(Dataset items)
+===+

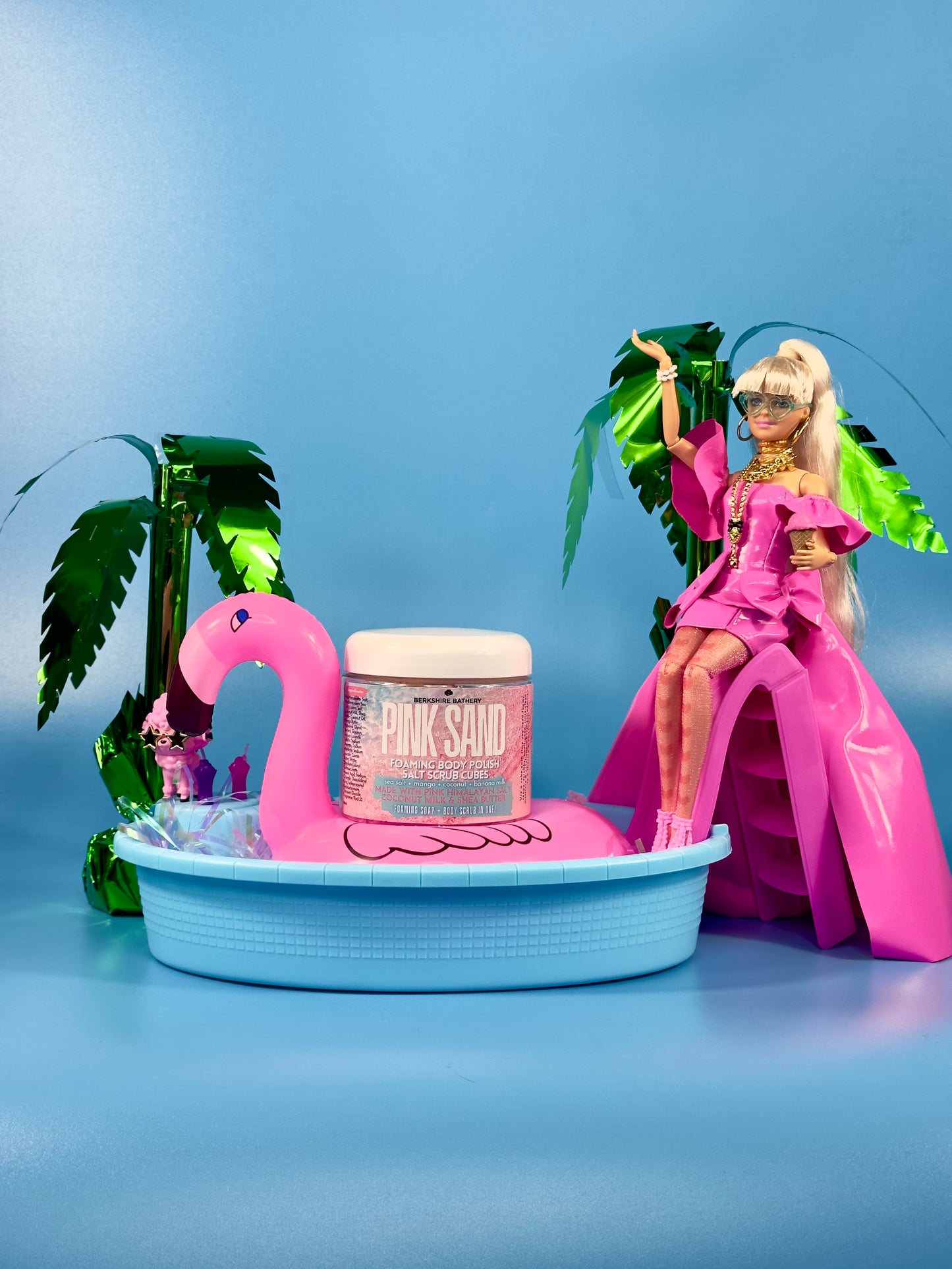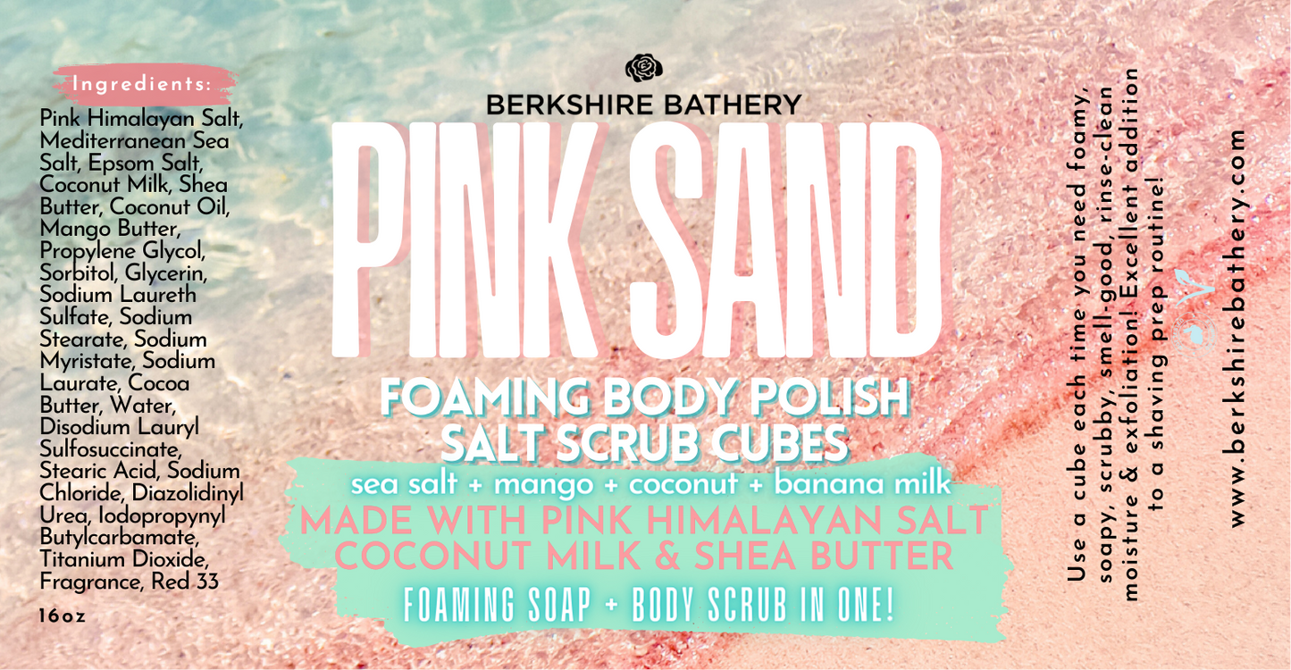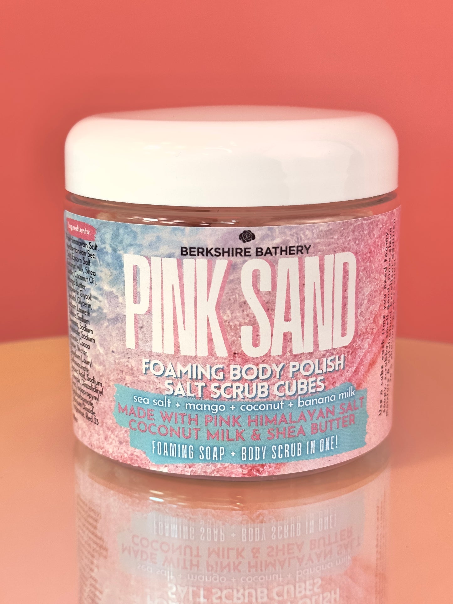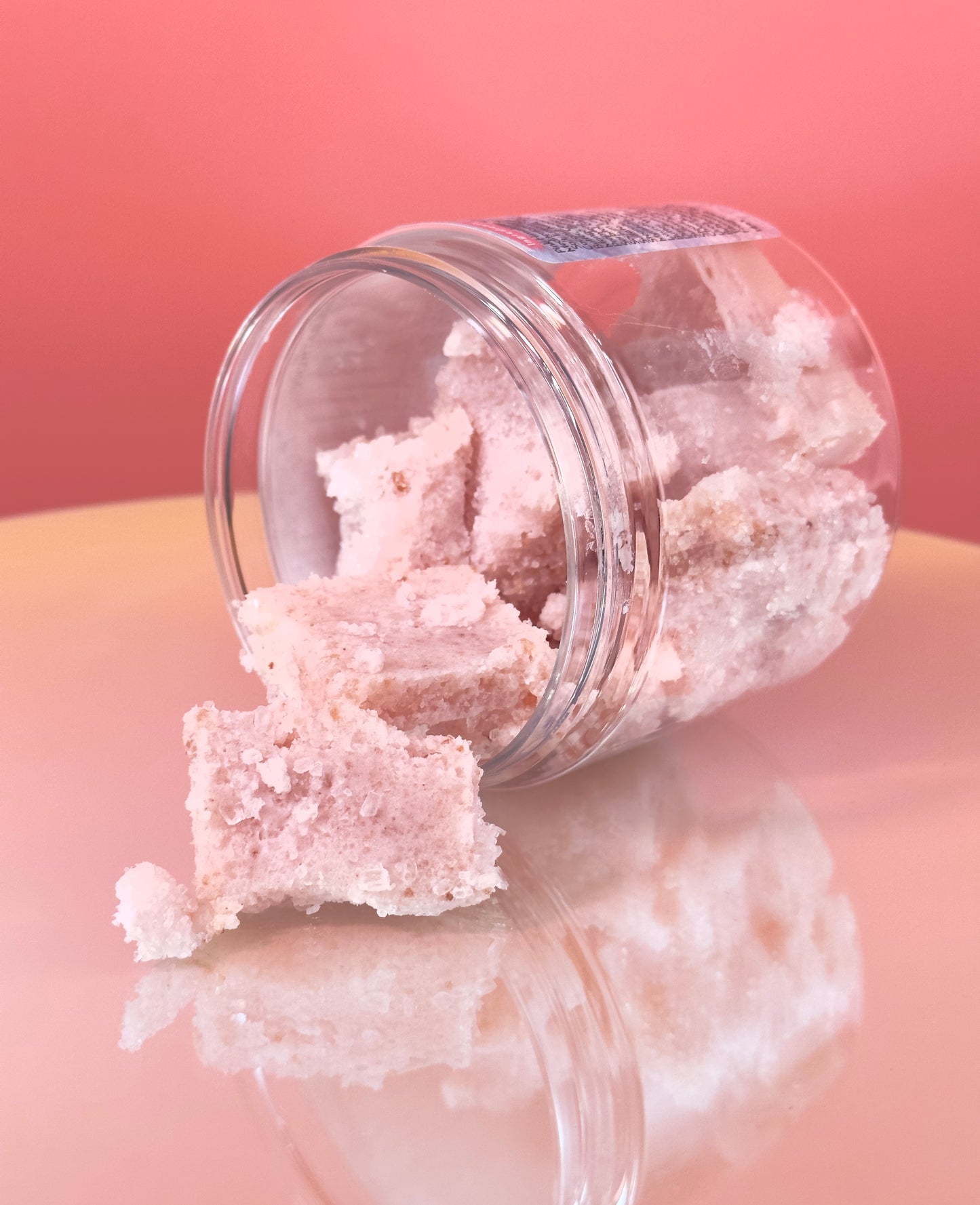 Looks like: Clear tub with white screw-top lid filled with pink soft semi-solid scrub cubes made of polishing salts and foaming bath soap.
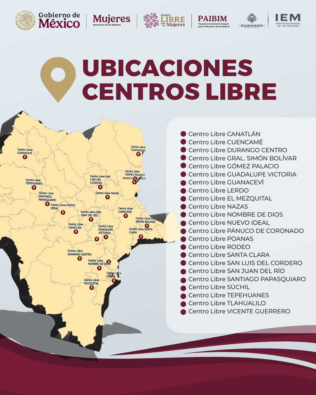 | SAN LUIS DEL CORDERO | AV. HIDALGO S/N COL. CENTRO C.P. 35740 | Lunes a Viernes de 9:00 a.m a 3:00 p.m | Ubicación |
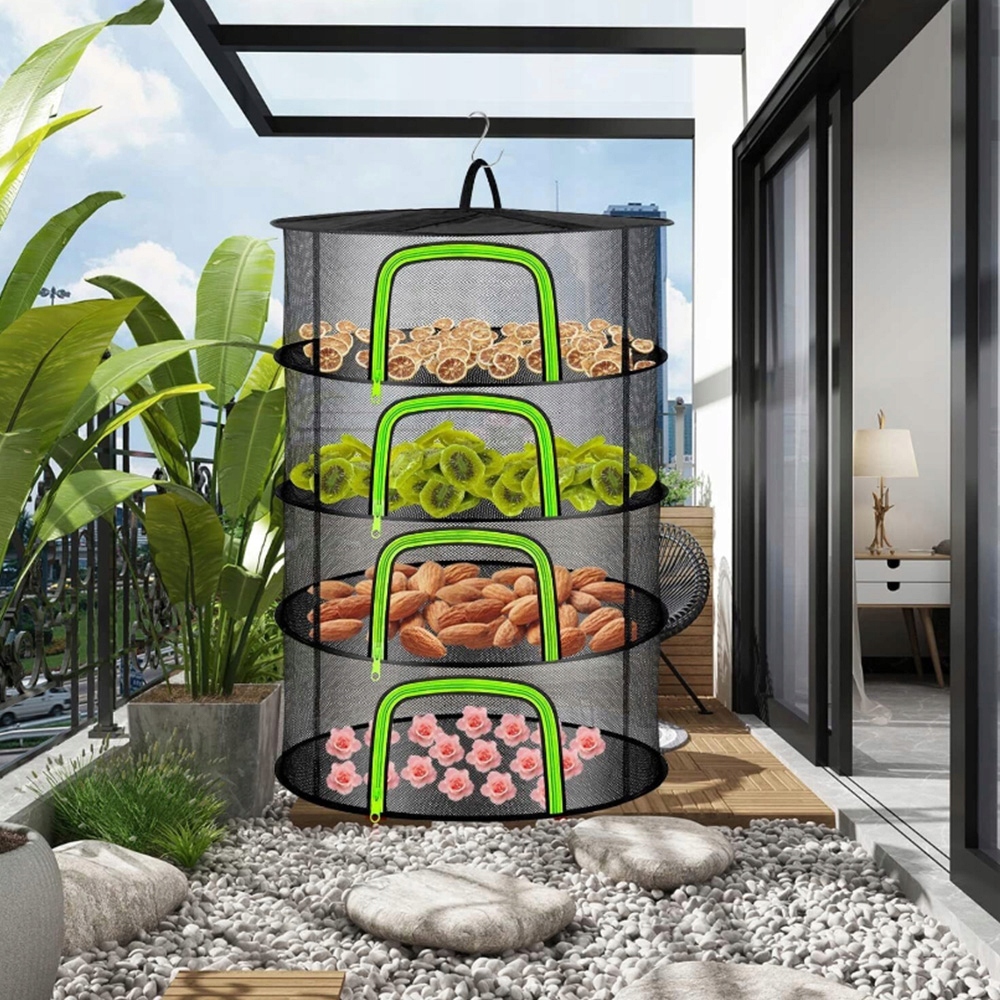 4-слойный резак от сетки до висящих трав, диаметр распределенного составляет 60 см, высота каждого слоя составляет 20 см, а общая высота-80 см. Каждый этаж предоставляет много места для сушки многих растений и трав. Каждый слой имеет независимую молнию, которую можно отсортировать и высохнуть, чтобы избежать смешивания. Вертикальный дизайн очень эффективно использует пространство.
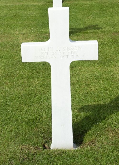 Pvt John J. Sibson was first buried at Temporary American Military Cemetery Henri-Chapelle, Belgium Block Plot V, Row 4, Grave 65.Source of information: Raf Dyckmans, Terry Hirsch, www.abmc.gov, www.wwiimemorial.com, www.archives.gov - WWII Enlistment Record, www.ancestry.com - various family trees / U.S., Headstone and Interment Record
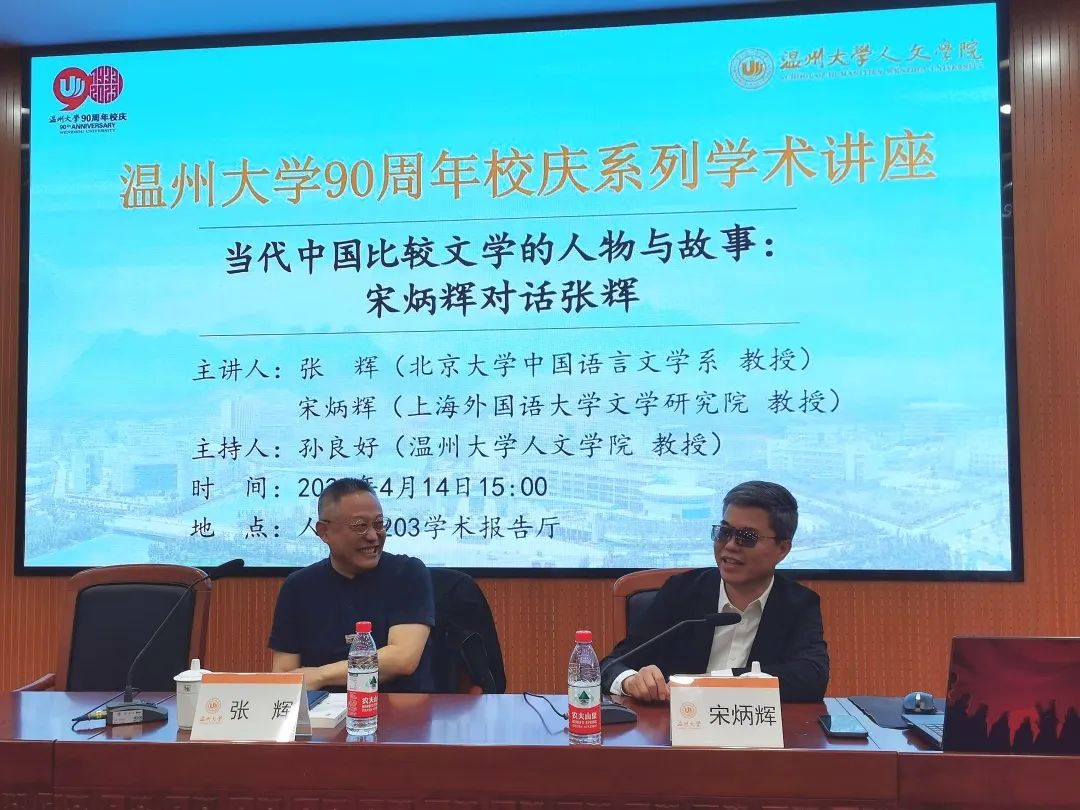 2023年4月14日下午,北京大学中国语言文学系张辉教授、上海外国语大学文学研究院宋炳辉教授应邀参加我校90周年校庆系列学术讲座“当代中国比较文学的人物与故事——宋炳辉对话张辉”。讲座由九色視頻 院长孙良好教授主持。
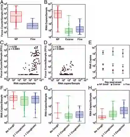 对这些样品中分离的传染性病毒的分析表明,大量流感患者经常性地将感染性病毒(不仅是可检测的RNA)排放到足够小的悬浮颗粒中,造成空气传播的风险。令人惊讶的是,来自没有咳嗽的患者的23个细小的悬浮颗粒样本中有11个(48%)检测出病毒RNA,并且这11个中有8个含有感染性病毒,表明在没有咳嗽的情况下,悬浮颗粒也会携带感染性物质。另外还观察到,不管悬浮颗粒大或小,打喷嚏少并不会使颗粒携带的病毒RNA拷贝数更多,这表明打喷嚏对悬浮颗粒中的流感病毒脱落不起重要作用。
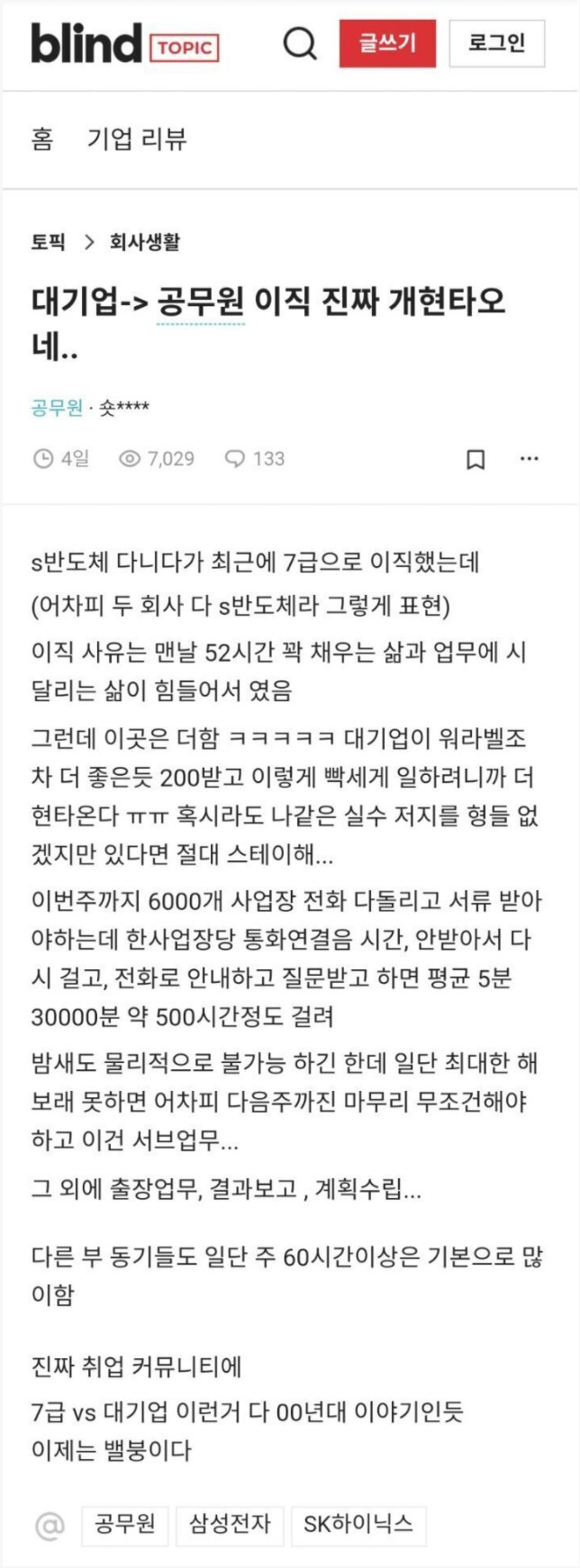 대기업에서 7급으로 이직했는데 현타옴
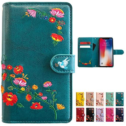 Google ピクセル8a 用 ケース カバー 手帳型ケース 花刺繍 ジェードバインターコイズ turquoise
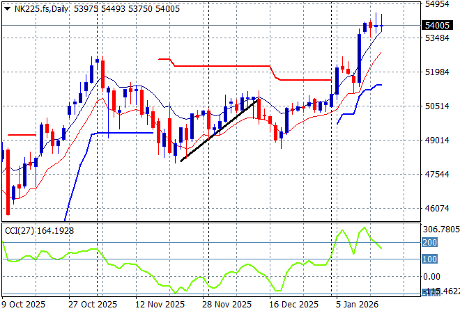 Japanese stock markets finally pulled back after being bid strongly all week with the Nikkei 225 down nearly 0.5% to almost retreat below the 54000 point level.

+===+

Please print the lines above exactly, beginning at the first line of the entries and ending at the line holding "p.m | Ubicación |", and leave the pictures out.

◆ **Response area**:
 Looks like: Clear tub with white screw-top lid filled with pink soft semi-solid scrub cubes made of polishing salts and foaming bath soap.
 | SAN LUIS DEL CORDERO | AV. HIDALGO S/N COL. CENTRO C.P. 35740 | Lunes a Viernes de 9:00 a.m a 3:00 p.m | Ubicación |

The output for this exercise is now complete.